Morning fellow vapors. I bought a Phenotype L from Vapeking at the last meet. So far it's been awesome. Yesterday I noticed that the bottom pin is leaking. Is anyone else experiencing the same issues at all? Or know of a fix?


----------



## shaunnadan (17/12/15)

hi

are you getting alot of juice leaking out from the centre pin? is it spinning ?

try and tighten the centre pin while holding the post in place, not too tight otherwise it could snap


----------



## Silver (17/12/15)

Hi @Flash696 , i know that @Oliver Barry knows this atty. 
he used it to great effect when he won the Cloud Blowing competition at the last vape meet
His cloud was so big I could barely fit it in the photo - lol

Maybe he can help you out - or if he isnt online @Stroodlepuff can ask him to contact you


----------



## Flash696 (17/12/15)

shaunnadan said:


> hi
> 
> are you getting alot of juice leaking out from the centre pin? is it spinning ?
> 
> try and tighten the centre pin while holding the post in place, not too tight otherwise it could snap



Yes it's leaking out the centre pin.
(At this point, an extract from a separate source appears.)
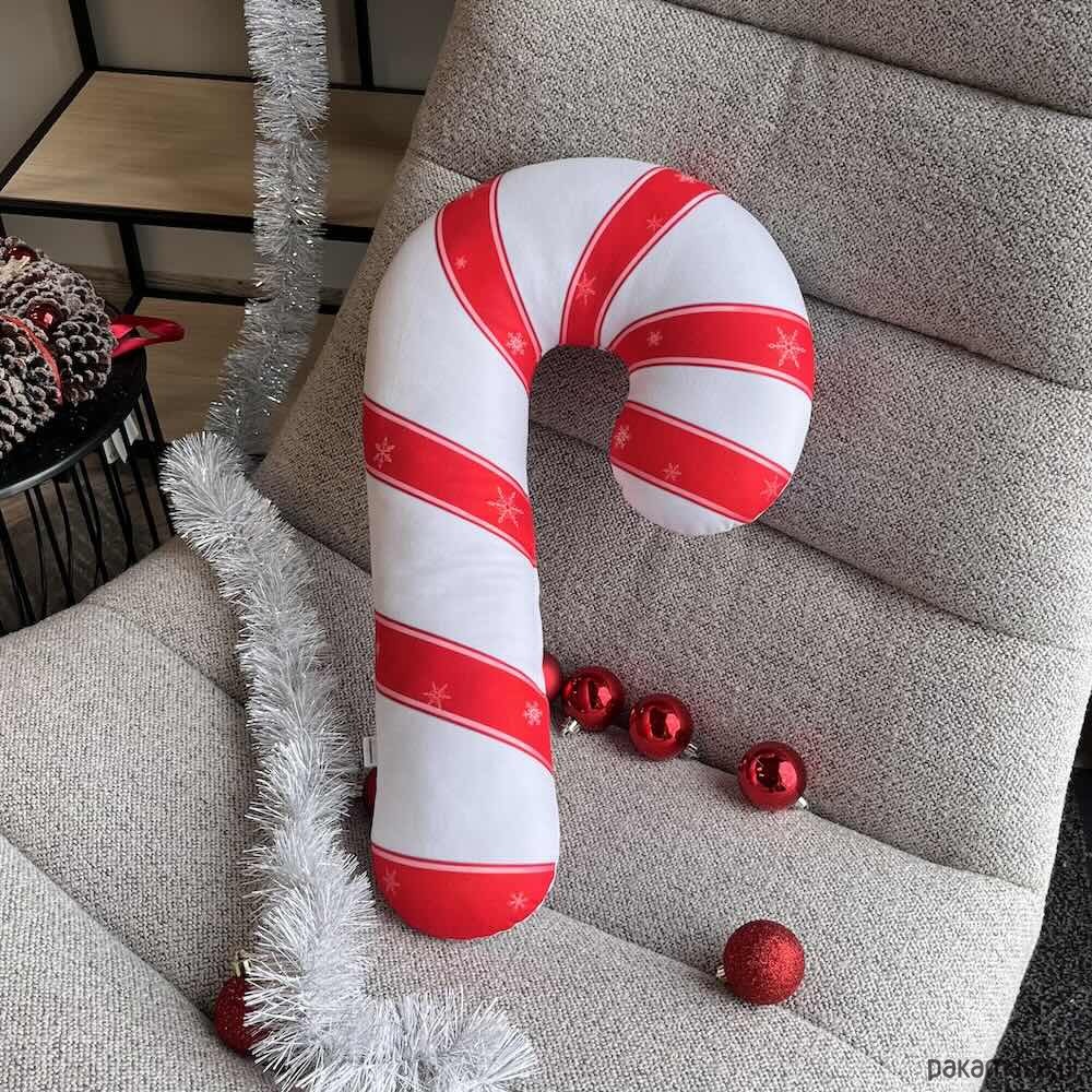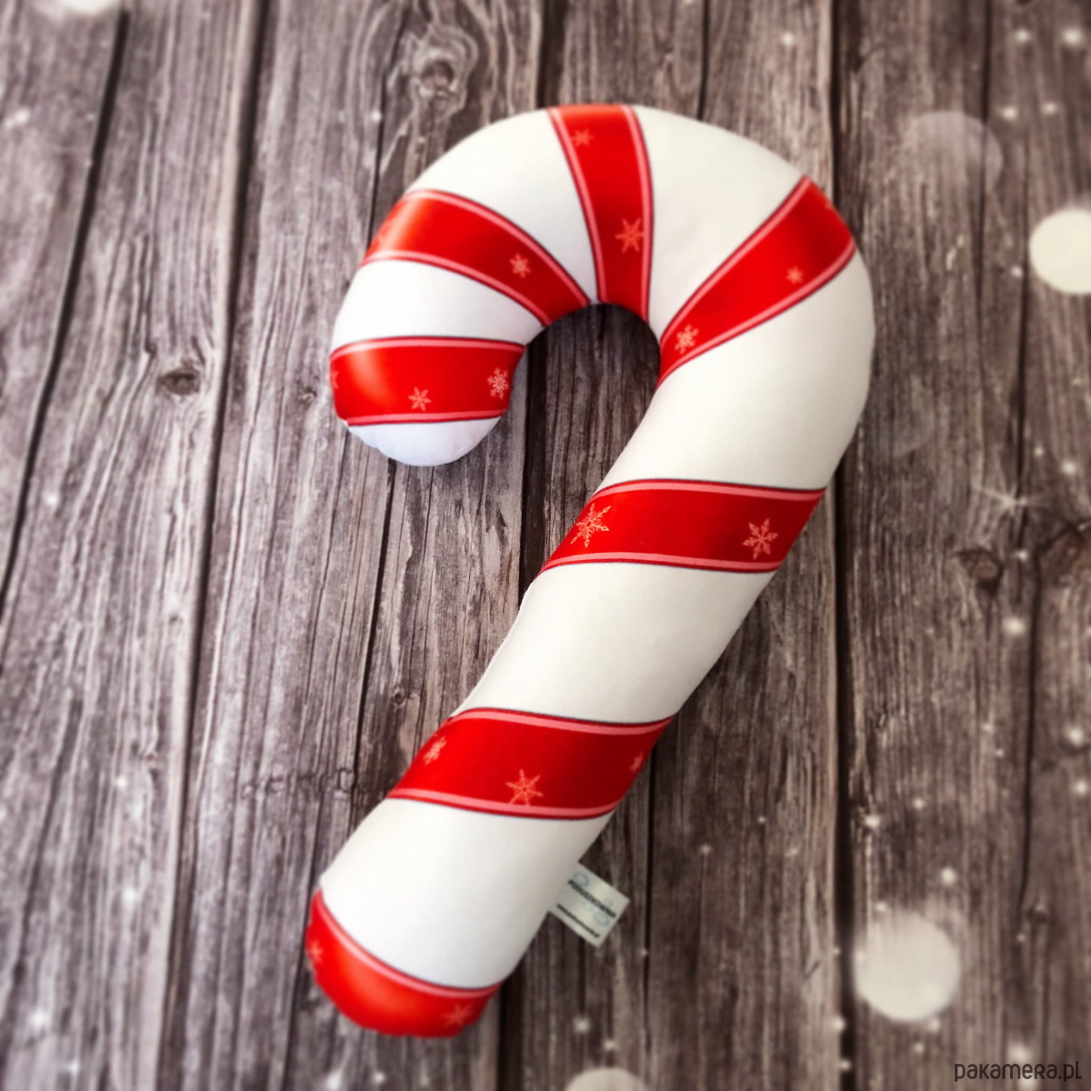 Poduszka w kształcie wielkiego cukierka Laski świątecznej Candy Cane z nadrukowaną czerwoną wstążką. Zabawna bardzo realistyczna, przypomina prawdziwy cukierek na Boże Narodzenie. Poduszka cukierek choinkowy, bardzo fajny pomysł na prezent, sprawdzi się w każdej aranżacji świątecznej, jak również w podróży, służąc za poduszkę podróżną na szyję. Poduszka ma 55 cm długości.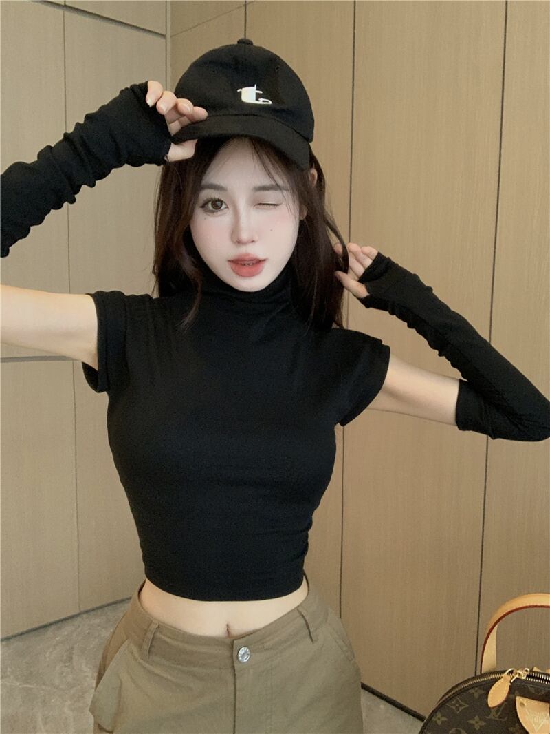 2022 autumn new careful machine hollow backless t-shirt half turtleneck slim fit and thin bottoming shirt top women's clothing オータム 秋物 スリム Tシャツ nana91120687240 | modepoisson

I did tighten the screw, but there is still play on the post. Suppose that's what you get when you buy clones. Thinking of rather buying an authentic.


----------



## Flash696 (17/12/15)

Silver said:


> Hi @Flash696 , i know that @Oliver Barry knows this atty.
> he used it to great effect when he won the Cloud Blowing competition at the last vape meet
> His cloud was so big I could barely fit it in the photo - lol
> 
> Maybe he can help you out - or if he isnt online @Stroodlepuff can ask him to contact you



Many thanks @Silver I definitely will. I love this dripper and knowing that I won't be able to use it kills me!

Reactions: Like 1


----------



## shaunnadan (17/12/15)

the post has an insulator at the bottom. too much tightening and the insulator flops and you land up with a dead short piece of metal.

if you have a wide set of tweezers then you can hold both posts together (either side negative and centre) and then tighten it. much less change of damaging it as you spread the load evenly.


----------



## Flash696 (17/12/15)

shaunnadan said:


> the post has an insulator at the bottom. too much tightening and the insulator flops and you land up with a dead short piece of metal.
> 
> if you have a wide set of tweezers then you can hold both posts together (either side negative and centre) and then tighten it. much less change of damaging it as you spread the load evenly.



Cool. Thanks for the help @shaunnadan Will take it apart tonight and give it a go. Will let you know how it goes.


----------